■ WORK INSTRUCTIONS
Copy each line below as written, but skip the pictures.

■ RECORDED INFORMATION
━━━━━━
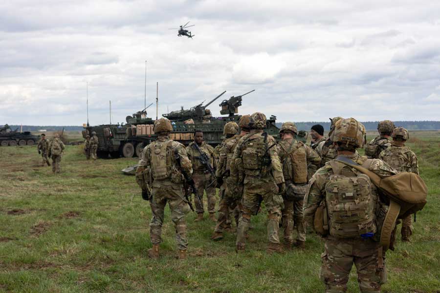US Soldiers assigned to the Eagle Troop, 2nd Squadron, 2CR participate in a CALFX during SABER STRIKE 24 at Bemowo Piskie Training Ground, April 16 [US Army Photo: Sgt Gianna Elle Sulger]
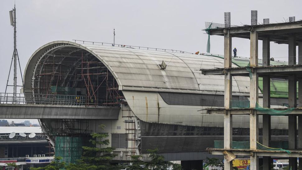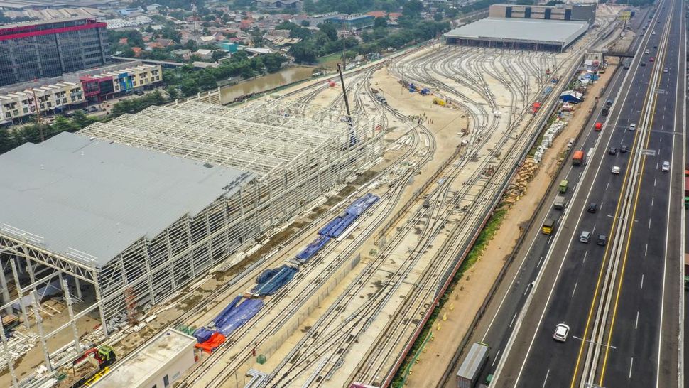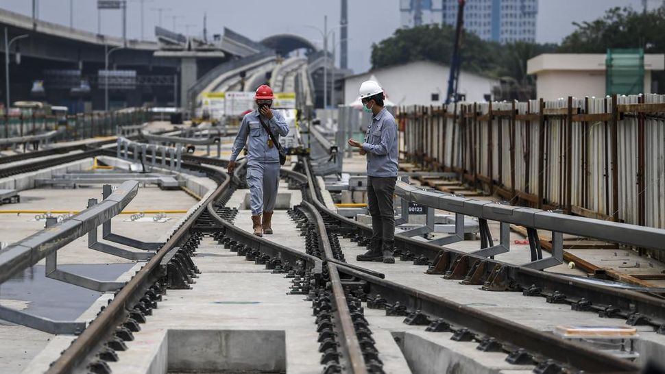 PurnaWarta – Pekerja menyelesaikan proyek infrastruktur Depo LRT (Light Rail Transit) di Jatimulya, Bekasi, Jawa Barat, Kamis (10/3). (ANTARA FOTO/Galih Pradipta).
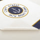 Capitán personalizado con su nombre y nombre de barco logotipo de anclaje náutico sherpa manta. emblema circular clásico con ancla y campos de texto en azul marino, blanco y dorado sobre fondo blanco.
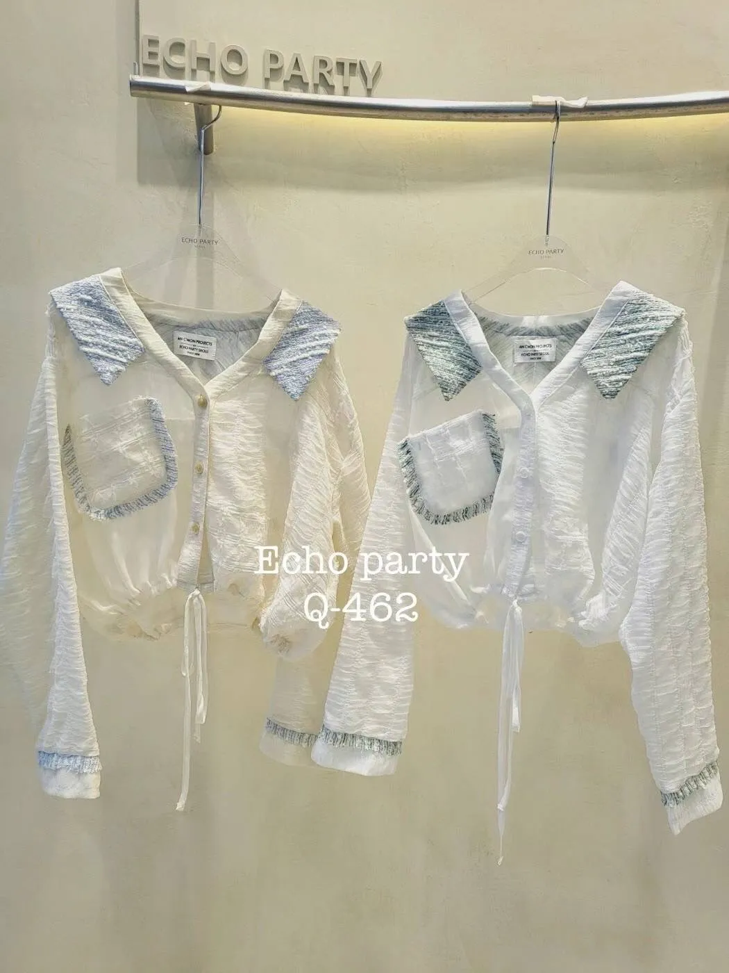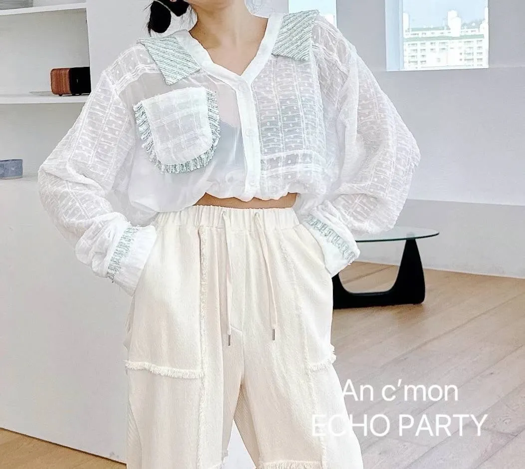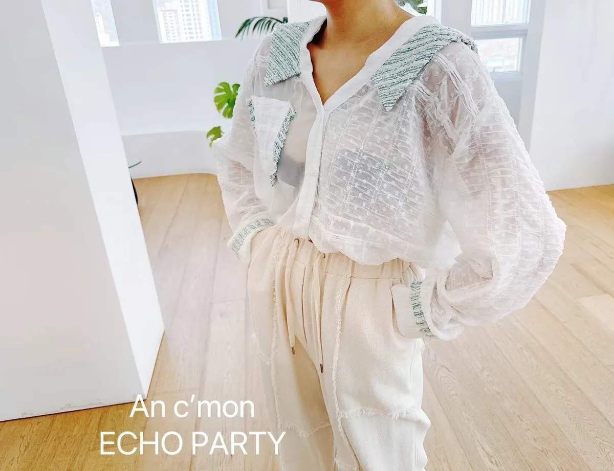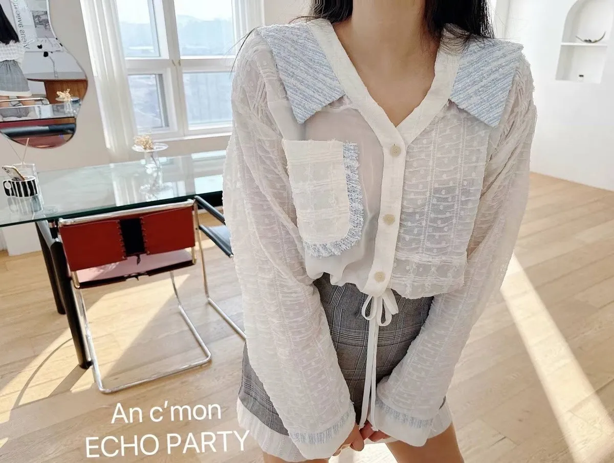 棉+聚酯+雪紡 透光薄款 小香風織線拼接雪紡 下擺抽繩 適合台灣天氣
━━━━━━
■ SOLVED PROBLEM
US Soldiers assigned to the Eagle Troop, 2nd Squadron, 2CR participate in a CALFX during SABER STRIKE 24 at Bemowo Piskie Training Ground, April 16 [US Army Photo: Sgt Gianna Elle Sulger]
 PurnaWarta – Pekerja menyelesaikan proyek infrastruktur Depo LRT (Light Rail Transit) di Jatimulya, Bekasi, Jawa Barat, Kamis (10/3). (ANTARA FOTO/Galih Pradipta).
 Capitán personalizado con su nombre y nombre de barco logotipo de anclaje náutico sherpa manta. emblema circular clásico con ancla y campos de texto en azul marino, blanco y dorado sobre fondo blanco.
 棉+聚酯+雪紡 透光薄款 小香風織線拼接雪紡 下擺抽繩 適合台灣天氣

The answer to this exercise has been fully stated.